WHAT TO DO
Entries follow. Give back exactly the lines starting at the one containing "Glamorous – Langärmliges" and ending at the one containing "1-8月份,全國制造業(yè", and no other lines.

[STUDY MATERIAL Boundary: Start]

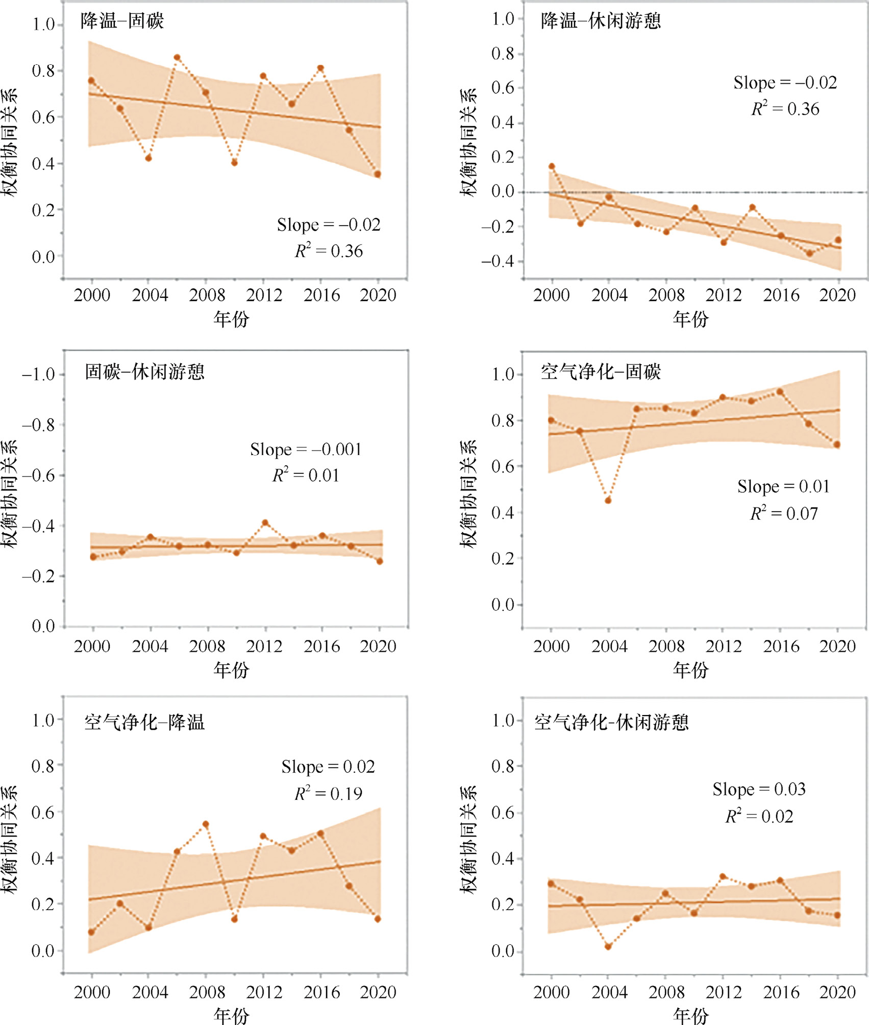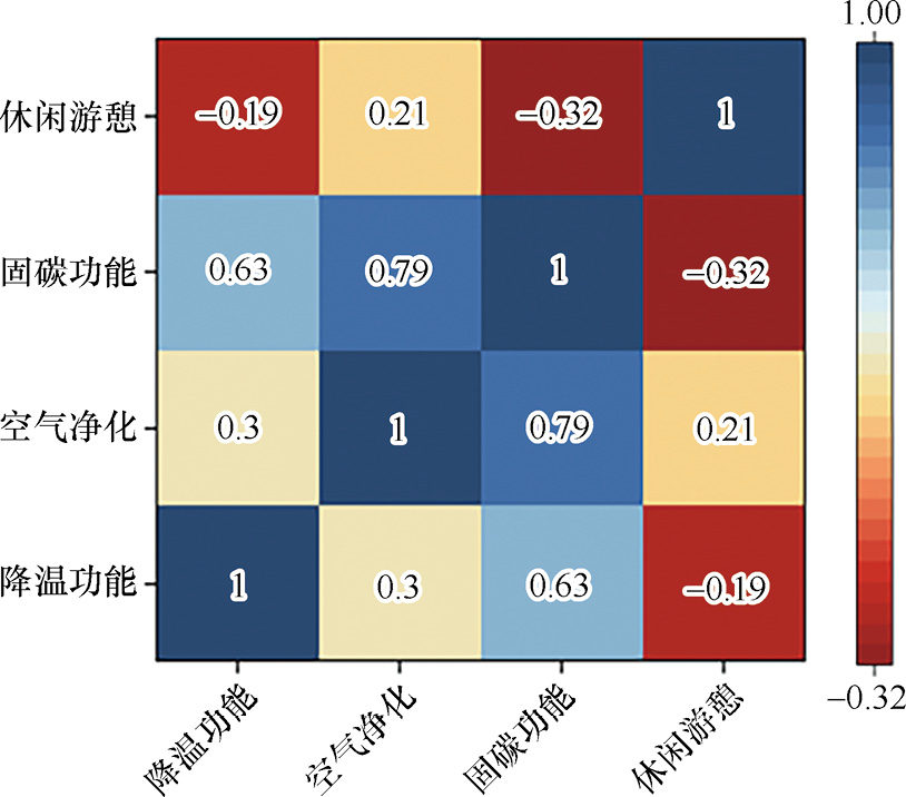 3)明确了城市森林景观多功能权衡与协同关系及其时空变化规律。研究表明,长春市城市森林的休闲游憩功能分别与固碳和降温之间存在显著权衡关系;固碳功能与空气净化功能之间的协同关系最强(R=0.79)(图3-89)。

[STUDY MATERIAL Boundary: End]
[STUDY MATERIAL Boundary: Start]

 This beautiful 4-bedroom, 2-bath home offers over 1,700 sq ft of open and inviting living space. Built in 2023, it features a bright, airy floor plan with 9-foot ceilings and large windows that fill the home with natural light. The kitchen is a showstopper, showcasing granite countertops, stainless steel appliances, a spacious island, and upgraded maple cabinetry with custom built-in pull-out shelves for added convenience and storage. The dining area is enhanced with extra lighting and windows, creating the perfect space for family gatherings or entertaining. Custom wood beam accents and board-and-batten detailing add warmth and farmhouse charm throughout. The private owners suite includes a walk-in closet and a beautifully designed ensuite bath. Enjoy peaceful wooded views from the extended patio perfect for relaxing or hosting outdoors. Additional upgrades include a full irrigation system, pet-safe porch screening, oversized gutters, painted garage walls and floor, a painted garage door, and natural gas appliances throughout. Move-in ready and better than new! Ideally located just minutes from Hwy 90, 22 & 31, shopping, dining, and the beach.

[STUDY MATERIAL Boundary: End]
[STUDY MATERIAL Boundary: Start]

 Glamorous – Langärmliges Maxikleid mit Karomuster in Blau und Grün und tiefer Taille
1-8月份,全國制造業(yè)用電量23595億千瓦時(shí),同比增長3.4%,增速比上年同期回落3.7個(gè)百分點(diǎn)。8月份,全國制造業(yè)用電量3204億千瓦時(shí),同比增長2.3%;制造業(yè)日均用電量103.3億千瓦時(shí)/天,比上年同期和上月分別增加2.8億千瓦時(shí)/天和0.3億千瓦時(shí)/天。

[STUDY MATERIAL Boundary: End]

RESPONSE TO THIS TASK
 Glamorous – Langärmliges Maxikleid mit Karomuster in Blau und Grün und tiefer Taille
1-8月份,全國制造業(yè)用電量23595億千瓦時(shí),同比增長3.4%,增速比上年同期回落3.7個(gè)百分點(diǎn)。8月份,全國制造業(yè)用電量3204億千瓦時(shí),同比增長2.3%;制造業(yè)日均用電量103.3億千瓦時(shí)/天,比上年同期和上月分別增加2.8億千瓦時(shí)/天和0.3億千瓦時(shí)/天。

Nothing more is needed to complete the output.